On Hong Kong’s Canton Road, where Louis Vuitton’s boutique saw its highest sales globally just a few months ago, long queues are a thing of the past. "On the avenue, brands have gone from welcoming 1,200 people per day to a maximum of 40," remarks an Asia-Pacific director from Kering Group. LVMH, meanwhile, has had to close some of its stores in Mainland China and Hong Kong and Burberry has abandoned forecasts for 2020 due to the uncertainties linked to the epidemic.

But retail sales aren’t the only ones to be impacted by Covid-19. The second coronavirus effect is already being felt at the production level: from textiles, snap fasteners and the clasp of a necklace to packaging components, brands are on the brink of a shortage of essential made-in-China accessories due to prolonged factory shutdowns. "We produce cardboard packaging featuring printed patterns for French luxury chocolate and macaroon brands and our factory in Dongguan (southern China) has just been allowed to reopen after a series of health inspections. However, production is idling as our qualified personnel from Wuhan have not yet been allowed to return," explains Joël Leduc, associate director of Pack & Cie. 

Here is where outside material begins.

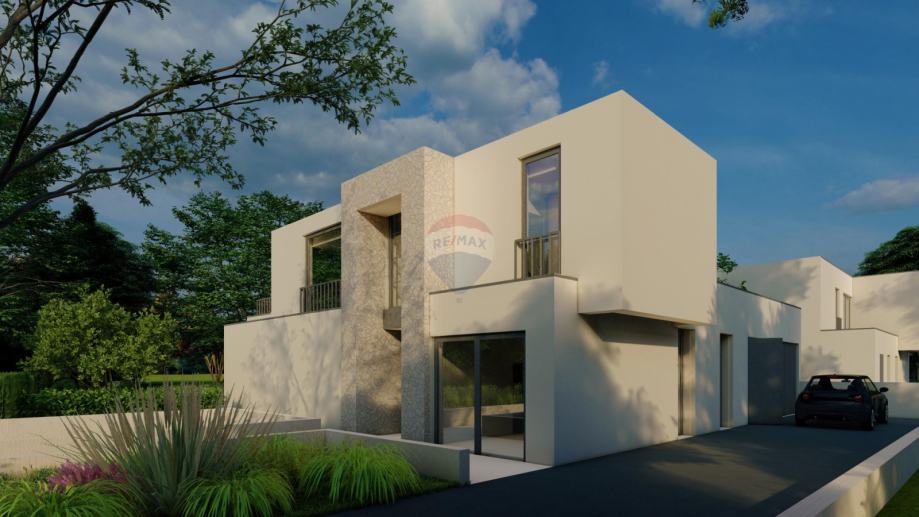 Predstavljamo novu modernu vilu koja kreće u izgradnju u zanimljivom i nadaleko poznatom istarskom mjestu Kašteliru. Lokacija je vrlo atraktivna, predivni se pogledi pružaju preko zelenih površina, pa sve do mora. Vila će se graditi na parceli od 617 m2. Projekt je vrlo detaljno osmišljen, gradnja će biti s trenutno najkvalitetnijim materijalima. vili će pripadati 2 parkirna mjesta i garaža za vozilo. Prizemlje kuće koncipirano je od ulaznog prostora, dnevnog boravka, kuhinje , blagovaonice sve u jednom open space prostoru. Zbog orijentacije prema jugo zapadu prostori će biti osvijetljeni i sunčani tijekom čitavog dana. Tu se u nastavku nalazi spavaća soba, kupaonice , toalet, terase/ natkrivene i nenatkrivene, spremište i garaža. Stepenište vodi do gornje etaže kuće gdje će se nalaziti 3 spavaće sobe svaka sa svojom kupaonicom i dvije terase. Moderna gradnja, divan projekt, odlična lokacija predstavljaju odličnu investicijsku priliku za kupnju ove zanimljive vile. Za grijanje bit će postavljeno podno grijanje na toplinsku pumpu, a spavaće sobe i dnevni boravak bit će klimatizirane s klima uređajima. Prozori i francuska vrata bit će od aluminijske konstrukcije s troslojnim staklima. Kuća će imati i pametan sustav koji uključuje upravljanje rasvjetom, podnim grijanjem, kontrolom sjenčenja.

A US-based packaging supplier in the prestige cosmetics realm tells Luxe Packaging Insight that 40-50% of its production staff in its China factories are still unable to return to work, making for a "significant slowdown in production", according to the executive.

With 70% of Chinese consumers’ luxury spend taking place outside of China, the current travel restrictions are also severely affecting brands outside the country, and notably in the travel-retail channel.